LISTED ENTRIES —
○ ○ ○ ○

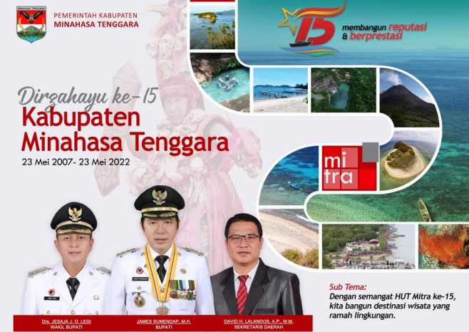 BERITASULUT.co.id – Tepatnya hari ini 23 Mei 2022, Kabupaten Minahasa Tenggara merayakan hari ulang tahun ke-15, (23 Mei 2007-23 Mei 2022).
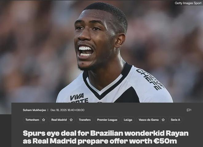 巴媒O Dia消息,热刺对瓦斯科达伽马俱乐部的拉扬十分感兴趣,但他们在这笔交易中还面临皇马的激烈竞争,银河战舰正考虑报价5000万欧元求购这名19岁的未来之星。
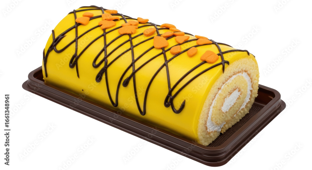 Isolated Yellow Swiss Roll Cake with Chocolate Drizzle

○ ○ ○ ○

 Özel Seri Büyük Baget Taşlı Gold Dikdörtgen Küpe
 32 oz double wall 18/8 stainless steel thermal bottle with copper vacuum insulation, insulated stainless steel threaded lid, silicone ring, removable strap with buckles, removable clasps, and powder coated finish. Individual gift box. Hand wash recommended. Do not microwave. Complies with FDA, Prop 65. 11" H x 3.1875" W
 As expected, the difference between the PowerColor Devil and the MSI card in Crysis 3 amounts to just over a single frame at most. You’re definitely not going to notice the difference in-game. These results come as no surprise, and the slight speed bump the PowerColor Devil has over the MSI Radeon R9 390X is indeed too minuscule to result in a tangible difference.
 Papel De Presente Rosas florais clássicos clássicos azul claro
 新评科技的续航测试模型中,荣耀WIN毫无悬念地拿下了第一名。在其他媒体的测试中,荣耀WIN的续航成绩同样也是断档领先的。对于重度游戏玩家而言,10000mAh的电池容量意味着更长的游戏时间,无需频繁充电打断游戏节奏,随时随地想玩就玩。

○ ○ ○ ○

PROBLEM DETAILS — In the material above, which lines fall between the one holding "BERITASULUT.co.id – Tepatnya" and the one holding "Isolated Yellow Swiss", inclusive? Print exactly those, with the pictures left out.

SOLVED PROBLEM —
 BERITASULUT.co.id – Tepatnya hari ini 23 Mei 2022, Kabupaten Minahasa Tenggara merayakan hari ulang tahun ke-15, (23 Mei 2007-23 Mei 2022).
 巴媒O Dia消息,热刺对瓦斯科达伽马俱乐部的拉扬十分感兴趣,但他们在这笔交易中还面临皇马的激烈竞争,银河战舰正考虑报价5000万欧元求购这名19岁的未来之星。
 Isolated Yellow Swiss Roll Cake with Chocolate Drizzle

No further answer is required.